Data extract: Begin

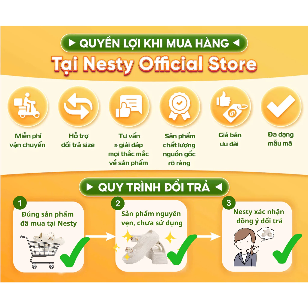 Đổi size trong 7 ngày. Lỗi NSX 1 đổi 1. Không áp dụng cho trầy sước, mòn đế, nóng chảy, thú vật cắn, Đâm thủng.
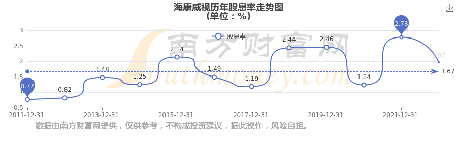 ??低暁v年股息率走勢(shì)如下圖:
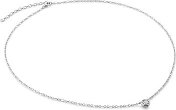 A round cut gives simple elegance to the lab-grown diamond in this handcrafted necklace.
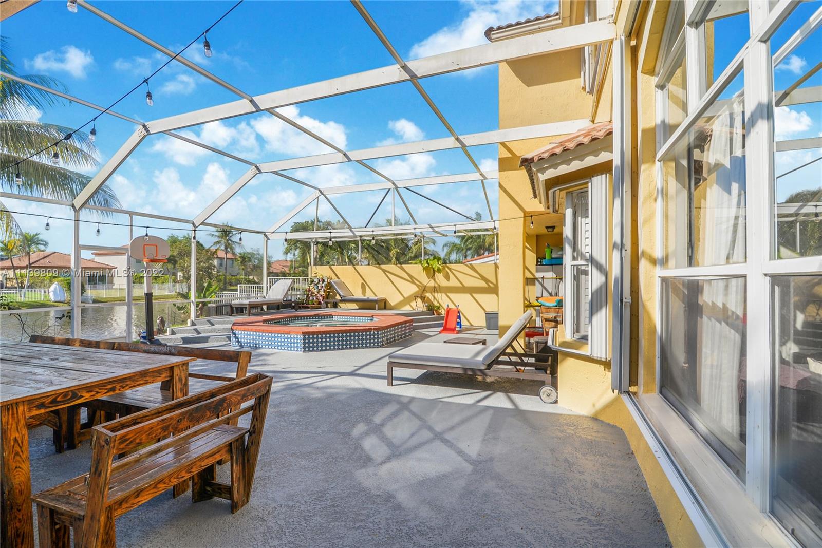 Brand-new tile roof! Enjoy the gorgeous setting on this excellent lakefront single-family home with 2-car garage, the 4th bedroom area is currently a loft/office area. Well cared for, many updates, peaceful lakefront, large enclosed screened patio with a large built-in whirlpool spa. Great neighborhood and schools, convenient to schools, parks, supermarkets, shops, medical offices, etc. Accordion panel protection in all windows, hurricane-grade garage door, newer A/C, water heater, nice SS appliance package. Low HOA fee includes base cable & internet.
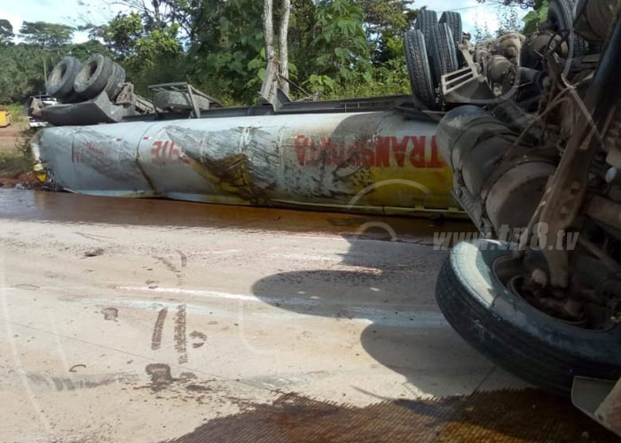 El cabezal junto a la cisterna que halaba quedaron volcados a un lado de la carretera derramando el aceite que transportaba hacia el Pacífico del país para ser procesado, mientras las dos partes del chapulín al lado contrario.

Data extract: End

Exercise aim: Could you copy, exactly and with no pictures, each line from the first one above to the line holding "A round cut"?

Solution to this task:
 Đổi size trong 7 ngày. Lỗi NSX 1 đổi 1. Không áp dụng cho trầy sước, mòn đế, nóng chảy, thú vật cắn, Đâm thủng.
 ??低暁v年股息率走勢(shì)如下圖:
 A round cut gives simple elegance to the lab-grown diamond in this handcrafted necklace.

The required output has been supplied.